▸ **The input**
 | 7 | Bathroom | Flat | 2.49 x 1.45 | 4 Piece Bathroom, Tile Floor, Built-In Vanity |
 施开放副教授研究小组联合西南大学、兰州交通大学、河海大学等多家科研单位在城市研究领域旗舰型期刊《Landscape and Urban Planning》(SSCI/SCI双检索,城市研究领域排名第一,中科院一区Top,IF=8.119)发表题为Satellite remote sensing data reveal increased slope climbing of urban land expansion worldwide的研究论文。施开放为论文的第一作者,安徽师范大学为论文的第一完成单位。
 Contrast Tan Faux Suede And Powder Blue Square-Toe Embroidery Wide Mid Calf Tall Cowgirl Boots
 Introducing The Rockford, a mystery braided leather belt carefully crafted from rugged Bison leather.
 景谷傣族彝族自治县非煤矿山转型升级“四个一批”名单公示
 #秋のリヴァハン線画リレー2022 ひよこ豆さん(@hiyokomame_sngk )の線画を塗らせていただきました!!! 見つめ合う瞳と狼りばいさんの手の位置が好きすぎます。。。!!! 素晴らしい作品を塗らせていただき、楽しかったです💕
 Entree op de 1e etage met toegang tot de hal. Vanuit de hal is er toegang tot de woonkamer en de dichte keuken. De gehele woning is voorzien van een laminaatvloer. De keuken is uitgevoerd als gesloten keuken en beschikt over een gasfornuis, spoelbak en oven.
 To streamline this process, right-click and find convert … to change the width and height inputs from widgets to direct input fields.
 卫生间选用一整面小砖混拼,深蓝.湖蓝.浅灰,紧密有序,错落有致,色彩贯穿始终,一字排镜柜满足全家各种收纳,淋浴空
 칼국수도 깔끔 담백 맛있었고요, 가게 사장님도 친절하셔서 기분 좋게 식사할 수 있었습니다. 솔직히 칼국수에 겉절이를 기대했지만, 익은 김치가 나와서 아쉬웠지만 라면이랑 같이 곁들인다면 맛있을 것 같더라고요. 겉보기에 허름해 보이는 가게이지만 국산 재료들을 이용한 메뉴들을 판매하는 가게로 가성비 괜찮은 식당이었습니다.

▸ **Activity**
The reply must contain each line of the material, reproduced faithfully.

▸ **Task answer**
 | 7 | Bathroom | Flat | 2.49 x 1.45 | 4 Piece Bathroom, Tile Floor, Built-In Vanity |
 施开放副教授研究小组联合西南大学、兰州交通大学、河海大学等多家科研单位在城市研究领域旗舰型期刊《Landscape and Urban Planning》(SSCI/SCI双检索,城市研究领域排名第一,中科院一区Top,IF=8.119)发表题为Satellite remote sensing data reveal increased slope climbing of urban land expansion worldwide的研究论文。施开放为论文的第一作者,安徽师范大学为论文的第一完成单位。
 Contrast Tan Faux Suede And Powder Blue Square-Toe Embroidery Wide Mid Calf Tall Cowgirl Boots
 Introducing The Rockford, a mystery braided leather belt carefully crafted from rugged Bison leather.
 景谷傣族彝族自治县非煤矿山转型升级“四个一批”名单公示
 #秋のリヴァハン線画リレー2022 ひよこ豆さん(@hiyokomame_sngk )の線画を塗らせていただきました!!! 見つめ合う瞳と狼りばいさんの手の位置が好きすぎます。。。!!! 素晴らしい作品を塗らせていただき、楽しかったです💕
 Entree op de 1e etage met toegang tot de hal. Vanuit de hal is er toegang tot de woonkamer en de dichte keuken. De gehele woning is voorzien van een laminaatvloer. De keuken is uitgevoerd als gesloten keuken en beschikt over een gasfornuis, spoelbak en oven.
 To streamline this process, right-click and find convert … to change the width and height inputs from widgets to direct input fields.
 卫生间选用一整面小砖混拼,深蓝.湖蓝.浅灰,紧密有序,错落有致,色彩贯穿始终,一字排镜柜满足全家各种收纳,淋浴空
 칼국수도 깔끔 담백 맛있었고요, 가게 사장님도 친절하셔서 기분 좋게 식사할 수 있었습니다. 솔직히 칼국수에 겉절이를 기대했지만, 익은 김치가 나와서 아쉬웠지만 라면이랑 같이 곁들인다면 맛있을 것 같더라고요. 겉보기에 허름해 보이는 가게이지만 국산 재료들을 이용한 메뉴들을 판매하는 가게로 가성비 괜찮은 식당이었습니다.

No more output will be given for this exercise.